The public interest litigation that the bench was hearing had been filed by a lawyer named Asok Pande. He had sought directions for a procedure to be evolved to constitute benches and allot jurisdiction to various benches of the Supreme Court. He wanted the first bench, which is the three-judge bench headed by the chief justice, to include the second- and third-most senior judges. Constitution benches should consist of judges according to seniority, Pande suggested. For example, if the Constitution bench is a five-judge bench, it should consist of the five senior-most judges of the court.

The question of seniority also came up during the January press conference of the four judges. They suggested that important cases were not being given to them.

Dealing with this question in the public interest litigation, Justice Chandrachud said that “seniority in terms of appointment has no bearing on which cases a judge should hear”.

He said that every judge in the Supreme Court has the equal duty to adjudicate cases allocated by the chief justice. All judges are appointed by the same procedure under Article 124 of the Constitution. The judgement said:

“There is no constitutional foundation on the basis of which such a suggestion can be accepted. For one thing, as we have noticed earlier, this would intrude into the exclusive duty and authority of the Chief Justice to constitute benches and to allocate cases to them. Moreover, the petitioner seems to harbour a misconception that certain categories of cases or certain courts must consist only of the senior-most in terms of appointment. Every Judge appointed to this Court under Article 124 of the Constitution is invested with the equal duty of adjudicating cases which come to the Court and are assigned by the Chief Justice.” 
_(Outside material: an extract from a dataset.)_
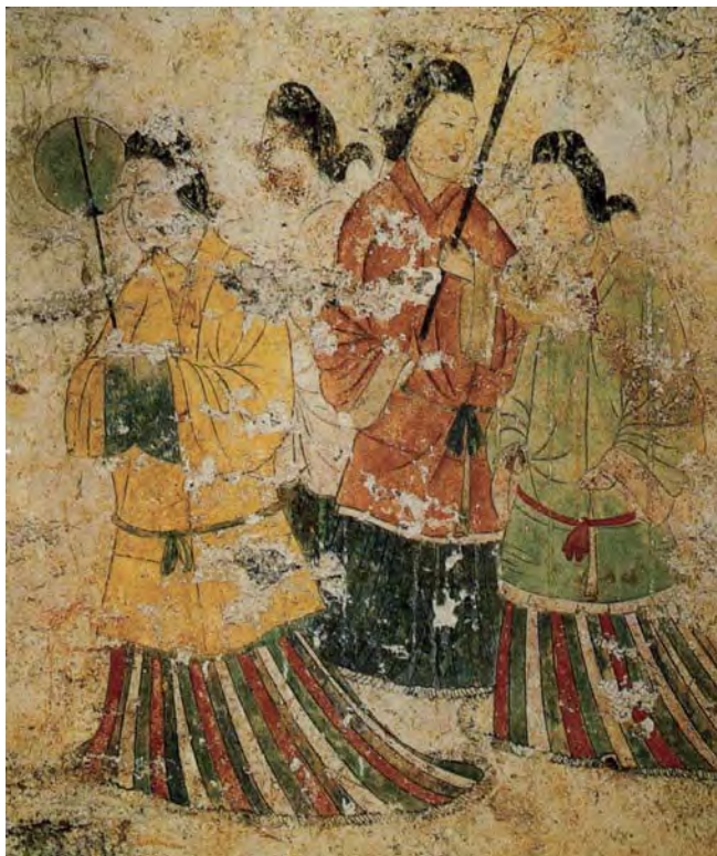
图1.12 高松冢古墓壁画 以岩石为主要颜料的日本画基础在此萌芽

19世纪，由于光学理论和实践的发展以及摄影技术的日益成熟，一些有关色彩理论的科学论述为欧洲艺术家探索新的绘画表现奠定了理论基础，严重地动摇了一向视模仿自然色彩为全部目的的传统绘画信念。在色彩艺术发展史上，印象派是一个重要的里程碑。印象派画家把色彩从自然中抽象出来，按照色彩自身的法则来表现自然规律，跨出了探索艺术纯粹性的第一步，带来了整个艺术观的改变，如印象派画家莫奈等人致力于大自然中环境与光线的研究，大胆地抛弃了传统的古典主义绘画的棕褐色调，采用鲜明的色彩和笔触进行户外写生创作。在印象派画家那里，色彩还是依附于具象的物体之上，而后期印象派画家，如凡·高等反对科学和客观的力量，他们在绘画中加入了自己的主观成分。新印象派修拉、西涅克等人在研究光学和色彩学新理论的基础上，发明了用难以数计的小色点为基本语汇的“点彩画法”。现代热抽象绘画的始祖康定斯基则比印象派画家更大胆地反叛了传统，在康定斯基的作品中，已见不到传统绘画中的具象物体，色彩已不再依附于任何具体的物象而存在，他使色彩从绘画中独立出来并体现每种颜色的恰当价值。冷抽象的代表人物蒙特里安只用三原色构成画面，探索色彩的抽象表现形式——几何构成。色彩的发展促进了视觉艺术从19世纪向20世纪多元化时代的转变。

Justice Chandrachud said once appointed, a judge is “dutybound” to hear cases allocated by the chief justice.

The judgement also considered the powers of the chief justice when it comes to being the master of the roster and the administrative head of the court. Chandrachud said the argument that the chief justice’s role in constituting benches and allocating cases must be regulated by a “procedure cast in iron” is the apprehension that without such guidelines, the power will be exercised arbitrarily.

“In his capacity as a Judge, the Chief Justice is primus inter pares: the first among equals,” the order said. “In the discharge of his other functions, the Chief Justice of India occupies a position which is sui generis” or in a class in itself. In allocating cases and constituting benches, the chief justice has the exclusive prerogative. The judge said:

“As a repository of constitutional trust, the Chief Justice is an institution in himself...The entrustment of functions to the Chief Justice as the head of the institution, is with the purpose of securing the position of the Supreme Court as an independent safeguard for the preservation of personal liberty. There cannot be a presumption of mistrust. The oath of office demands nothing less.” 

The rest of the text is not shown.